RECORDS PROVIDED:
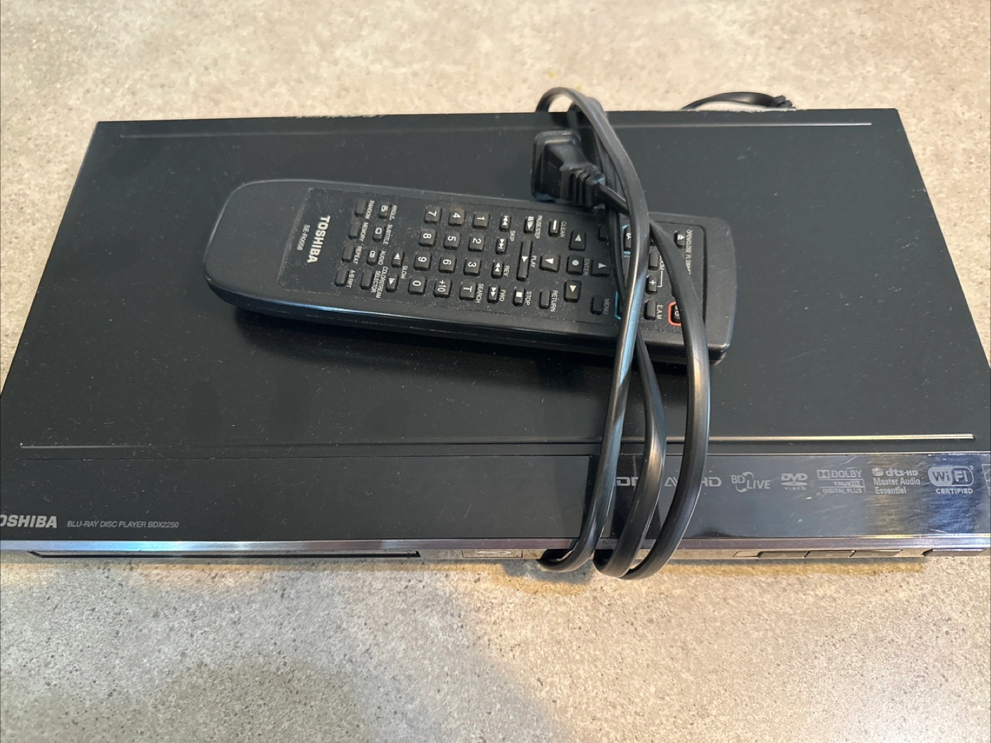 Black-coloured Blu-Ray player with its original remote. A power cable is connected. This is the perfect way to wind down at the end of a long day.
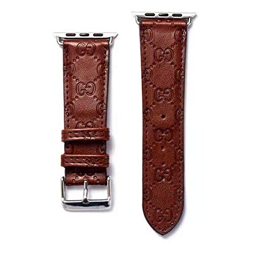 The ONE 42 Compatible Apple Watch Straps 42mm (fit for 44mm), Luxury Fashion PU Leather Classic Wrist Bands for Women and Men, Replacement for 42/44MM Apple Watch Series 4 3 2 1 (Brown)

* * *

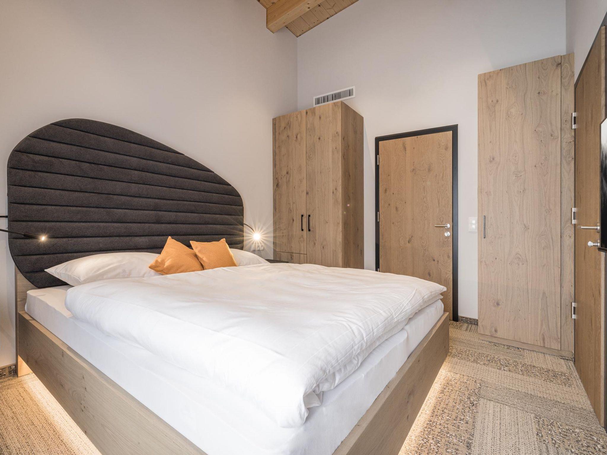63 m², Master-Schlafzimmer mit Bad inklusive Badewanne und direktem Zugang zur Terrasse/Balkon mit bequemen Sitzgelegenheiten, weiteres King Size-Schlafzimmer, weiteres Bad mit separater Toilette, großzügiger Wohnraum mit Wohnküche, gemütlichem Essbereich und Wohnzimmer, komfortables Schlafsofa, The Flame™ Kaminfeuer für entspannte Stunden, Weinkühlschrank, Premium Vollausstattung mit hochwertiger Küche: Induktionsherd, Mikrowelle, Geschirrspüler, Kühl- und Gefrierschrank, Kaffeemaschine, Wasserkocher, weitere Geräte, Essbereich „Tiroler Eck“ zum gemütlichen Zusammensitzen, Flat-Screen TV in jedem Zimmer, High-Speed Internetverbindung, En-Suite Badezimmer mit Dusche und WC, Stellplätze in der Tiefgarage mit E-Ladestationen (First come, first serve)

THE TASK: Look above for the line with "Black-coloured Blu-Ray player" and copy exactly from it through the line with "The ONE 42 Compatible", both included. Omit the pictures.

TASK OUTPUT:
 Black-coloured Blu-Ray player with its original remote. A power cable is connected. This is the perfect way to wind down at the end of a long day.
 The ONE 42 Compatible Apple Watch Straps 42mm (fit for 44mm), Luxury Fashion PU Leather Classic Wrist Bands for Women and Men, Replacement for 42/44MM Apple Watch Series 4 3 2 1 (Brown)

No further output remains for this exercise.